Why decode is flat: bandwidth, not compute
The structural lesson is in the memory bus. GB10 moves data at 273 GB/s over a 256-bit LPDDR5X interface (8,533 MT/s) — roughly 12x slower than an H100’s ~3.35 TB/s HBM3. Autoregressive decode reads the active weights once per token, so at low batch the tensor cores mostly sit idle waiting on memory. Independent teardowns put the same point bluntly: at 273 GB/s a 35 GB model tops out near 7.8 tok/s in theory no matter how much compute you throw at it.
This is also why NVFP4 matters more here than on a datacenter card. Cutting weights from 16 bytes/param (BF16) to about 4.5 bytes/param halves bytes moved per token, which roughly doubles decode throughput on a bandwidth-bound machine. One comparison floating around the ecosystem shows the same Nemotron 3 Super at ~38 tok/s in an NVFP4 build versus ~19.5 tok/s under a Q4_K_M GGUF — same model, the format and kernel path are the variable. (The vLLM post’s own ~23 tok/s reflects its specific 131K context config and container, so treat cross-source numbers as directional, not apples-to-apples.)
Practical framing
The post is refreshingly honest about the envelope: DGX Spark is “best viewed as a local single-user or small-batch inference target.” It deliberately runs --max-num-seqs 4; pushing concurrency higher trades latency away because you are already starved on bandwidth, not compute.
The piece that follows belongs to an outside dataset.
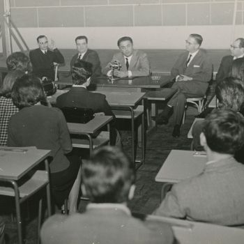 Centro Sperimentale di Cinematografia, Rom, Federico Fellini bei einer Gastvorlesung, Fotodokument von Heinz Rathsacks Recherchereise für die 1964 erschienene Studie »Vier Filmhochschulen«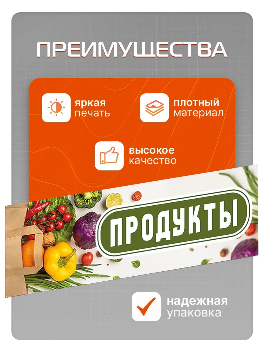 Рекламный баннер вывеска Продукты 300 см * 100 см, с люверсами и стяжками: сравнение цен, характеристики, фото, актуальное наличие и цены.

Multi-Spark setups over the ConnectX fabric are acknowledged but explicitly not evaluated in this writeup.
The unified-memory architecture is the quiet enabler. Because CPU and GPU share one physical 128 GB pool, weights and KV cache stay resident without cudaMemcpy round-trips across PCIe — you lose raw bandwidth versus HBM but you skip the copy tax, which is what lets a 120B-class model live on a desktop at all.
Practitioner note: If you are speccing a single-box local server for a 100-130B NVFP4 MoE, size your expectations around 20-40 tok/s decode and a low max-num-seqs, not datacenter throughput. Validate the actual container/CUDA combo you will run (the official path here is a cu130-nightly image and a model-specific reasoning parser); decode rates published under different contexts, quant kernels, or serving stacks will not transfer cleanly, and initial weight loading alone can take 10-15 minutes.
Under-considered angle: Almost every DGX Spark benchmark headline is a single-stream decode number, which flatters MoE models — only ~10% of the parameters move per token. The metric that actually predicts whether the box is usable for a small team is decode-under-concurrency with a realistic KV footprint. At under 5% KV-cache use the system is barely exercising its weakest resource; the interesting (and largely unpublished) question is the throughput-vs-latency curve as you raise batch on a 273 GB/s bus, because that is where a desk-side unified-memory box either holds up for a few simultaneous users or collapses into a strictly one-person tool.